# Homework Help: Fourier Series Problem

1. Mar 2, 2012

### TW Cantor

1. The problem statement, all variables and given/known data
f(t) is an odd, periodic function with period 1 and:

f(t) = -5.5 + 22*t2 for -0.5 ≤ t < 0

i) find the Fourier coefficient bn
ii) find the Fourier coefficient b5

2. Relevant equations
bn = (2/T) * ∫ f(t) *sin((2*n*∏*t)/T) dt between T/2 and -T/2

sin(n*∏) = 0 for all values of n
cos(n*∏) = 1 for even values of n
cos(n*∏) = -1 for odd values of n

3. The attempt at a solution

by integrating f(t)*sin((2*n*∏*t)/T) with respect to t i get:
-(11*sin(n*∏) - 11*n*∏*cos(n*∏))/(n^3 * ∏^3)

replacing the sin(n*∏) with 0 i get:
11*cos(n*∏))/(n^2 * ∏^2)

so this should be the solution to the first part of the question but when i put n into the equation as 5, i get the wrong answer. can anyone see where ive gone wrong?

2. Mar 2, 2012

### jbunniii

Can you show your intermediate steps when performing the integral?

In particular, I want to see what the bounds of the integral were and what expression you used for f(t).

Note that your function is only partly defined by this equation:

$f(t) = -5.5 + 22t^2$ for $-0.5 \leq t < 0$

This defines it on an interval of length 0.5. But the period is 1. So what is an equation for the function for the interval $0 < t < 0.5$? (You need to use the fact that the function is odd.)

P.S. It won't make any difference when integrating, but what does the oddness of the function imply that f(0) must be?

3. Mar 2, 2012

### TW Cantor

well im not really sure what to use as the bounds for the integral... i got confused when it said the period was 1 but the function is only true between -0.5 < t < 0. i know since its odd its asymettric about the vertical axis and since its periodic it might have something to do with that? i could use the equation f(-t) = -f(t) maybe?

4. Mar 2, 2012

### jbunniii

Yes, f(-t) = -f(t) is the defining characteristic of an odd function. Try using that to define what f(t) must be for 0 < t < 0.5.

5. Mar 2, 2012

### TW Cantor

so for 0 < t < 0.5, f(t) = 5.5 - 22*t^2 ?

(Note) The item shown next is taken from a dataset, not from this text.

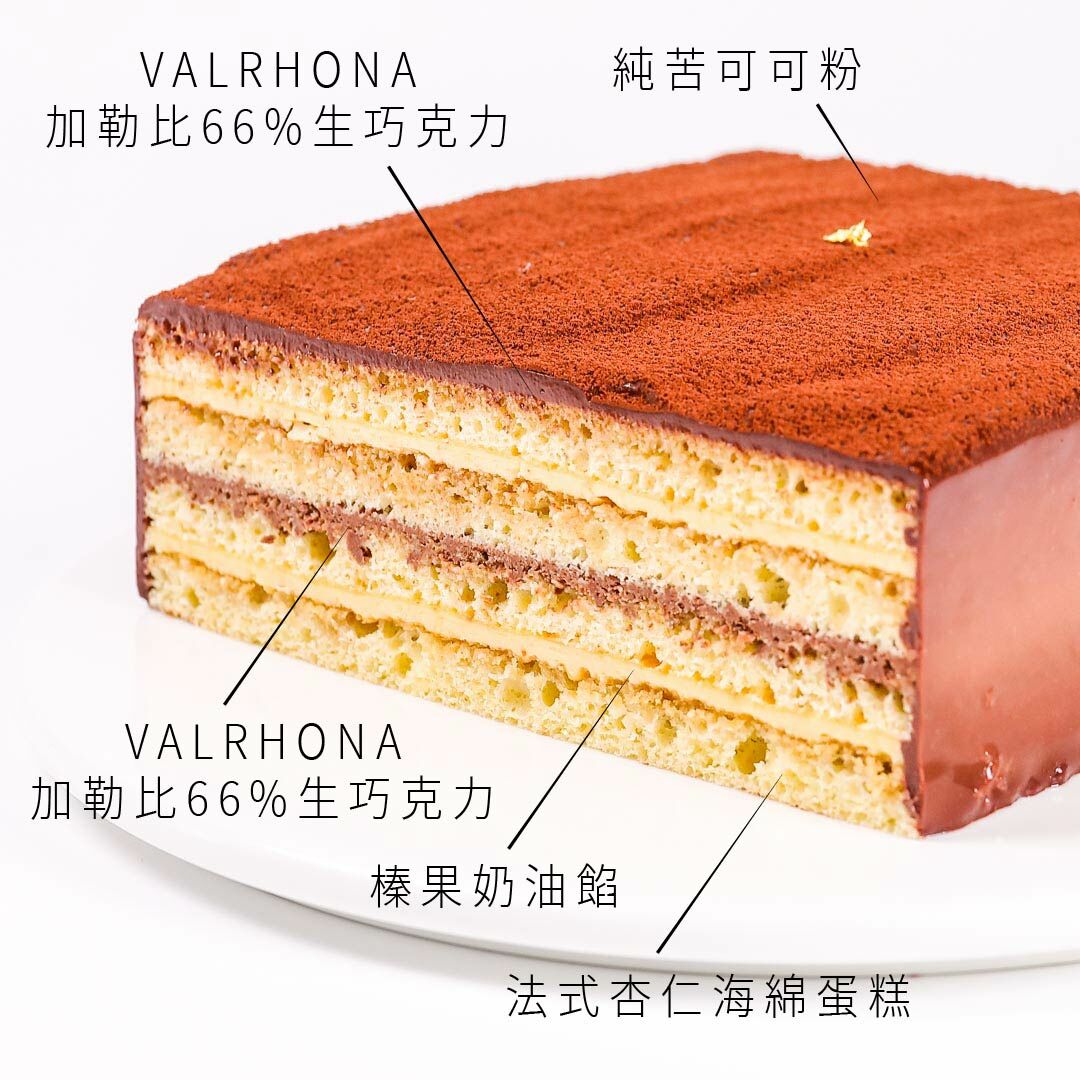 此款榛果巧克力蛋糕其實就是歌劇院蛋糕的進化版喔!傳統的歌劇院蛋糕是沒有加入榛果醬的,但主廚私心覺得加入榛果醬後,不但香氣更有層次,味道也更有變化!

then do i add the integral of:
f(t)*cos((2*pi*n*t)/T) dt between -0.5 < t < 0
and -f(t)*cos((2*pi*n*t)/T) dt between 0 < t < 0.5

because wont that just equal zero?

6. Mar 2, 2012

### TW Cantor

how would you integrate for this problem?

7. Mar 2, 2012

### LCKurtz

You use the half range formulas for the coefficients. Since f(t) is odd you know an = 0 for all n. The half range formula for $b_n$ for a function of period $2p$, which should be in your text, is$$b_n =\frac 2 p\int_0^p f(t)\sin(\frac{n\pi t}{p})\,dt$$

8. Mar 2, 2012

### jbunniii

Yes, that's right. The cosine terms are all even, and their coefficients will all be zero for an odd function.

9. Mar 2, 2012

### TW Cantor

ahh! ive been using sin instead of cos! i cant believe i did that.

so ive integrated
2/T ∫ f(t)*sin(n*π*t/T) dt between 0.5 and 0

and i get:
(22*cos(pi*n) - 11*n^2 *pi^2 + 22*n*pi*sin(n*pi) -22)/(2*(n^3 * pi^3))

since ive integrated for only half the period and between 0 < t < 0.5 i have to multiply by -2 to get it into the full period and between -0.5 < t < 0 right? and then i can replace sin(n*pi) and cos(n*pi)?

10. Mar 2, 2012

### jbunniii

I didn't check whether you calculated the integral correctly, but your method looks correct now.

11. Mar 2, 2012

### TW Cantor

yeah im getting the right answer now :-) thanks for your help!